Data provided -
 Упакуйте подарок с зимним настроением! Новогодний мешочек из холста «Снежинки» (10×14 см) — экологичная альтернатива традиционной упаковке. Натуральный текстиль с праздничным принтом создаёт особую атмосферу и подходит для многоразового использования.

--

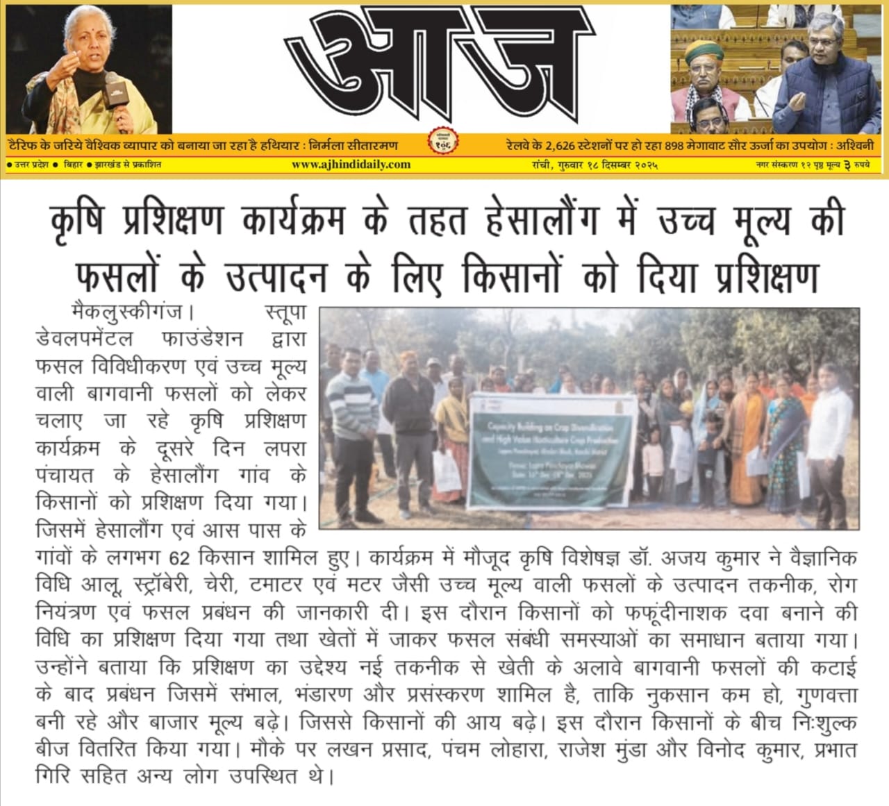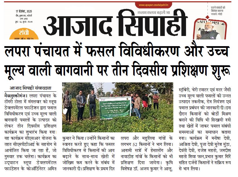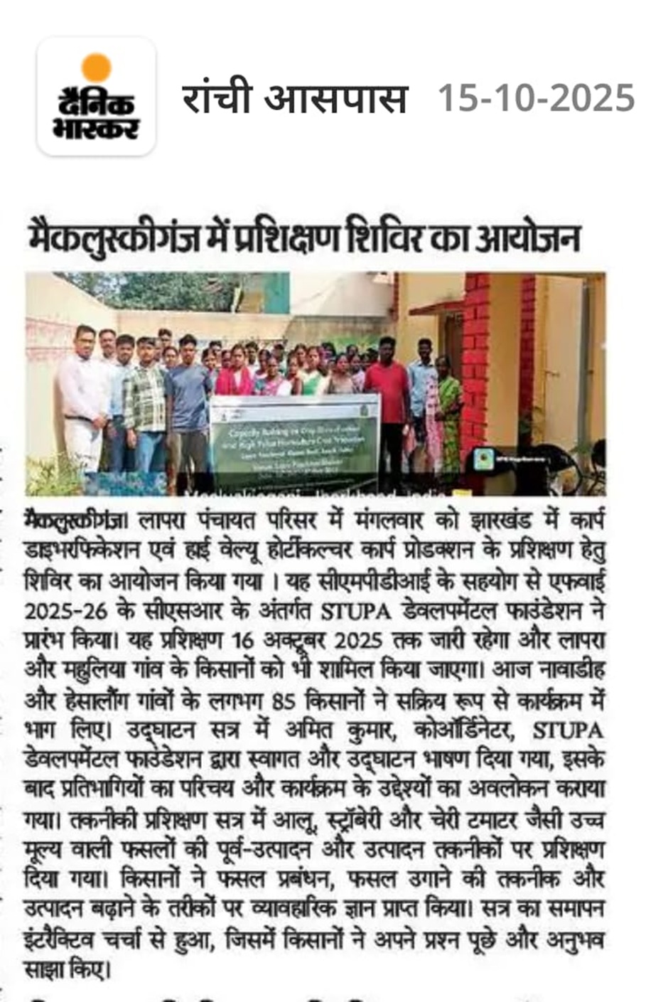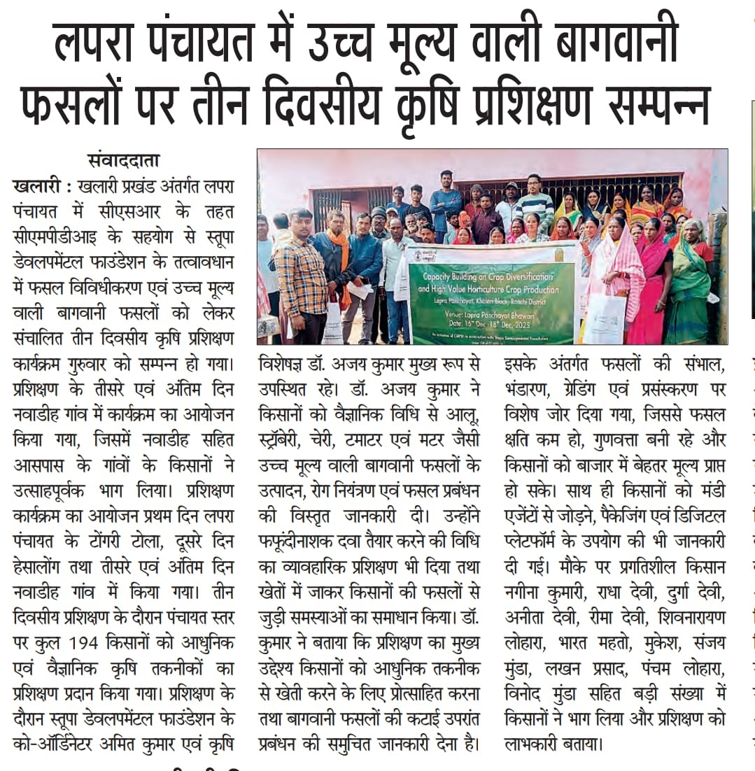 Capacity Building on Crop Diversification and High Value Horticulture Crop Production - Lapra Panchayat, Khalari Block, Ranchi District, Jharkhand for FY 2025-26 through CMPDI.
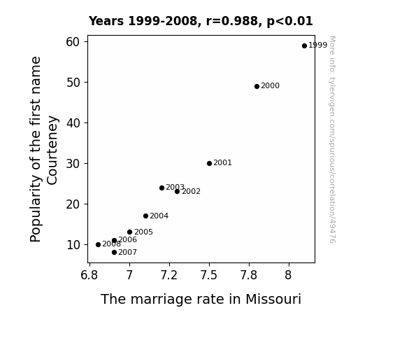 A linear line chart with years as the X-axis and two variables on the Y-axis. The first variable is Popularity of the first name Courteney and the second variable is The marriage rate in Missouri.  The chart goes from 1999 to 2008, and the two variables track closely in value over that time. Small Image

The task -
Could you transcribe exactly the entries above, but only the lines from the one with "Capacity Building on" through the one with "A linear line", and without pictures?

Reply to the task -
 Capacity Building on Crop Diversification and High Value Horticulture Crop Production - Lapra Panchayat, Khalari Block, Ranchi District, Jharkhand for FY 2025-26 through CMPDI.
 A linear line chart with years as the X-axis and two variables on the Y-axis. The first variable is Popularity of the first name Courteney and the second variable is The marriage rate in Missouri.  The chart goes from 1999 to 2008, and the two variables track closely in value over that time. Small Image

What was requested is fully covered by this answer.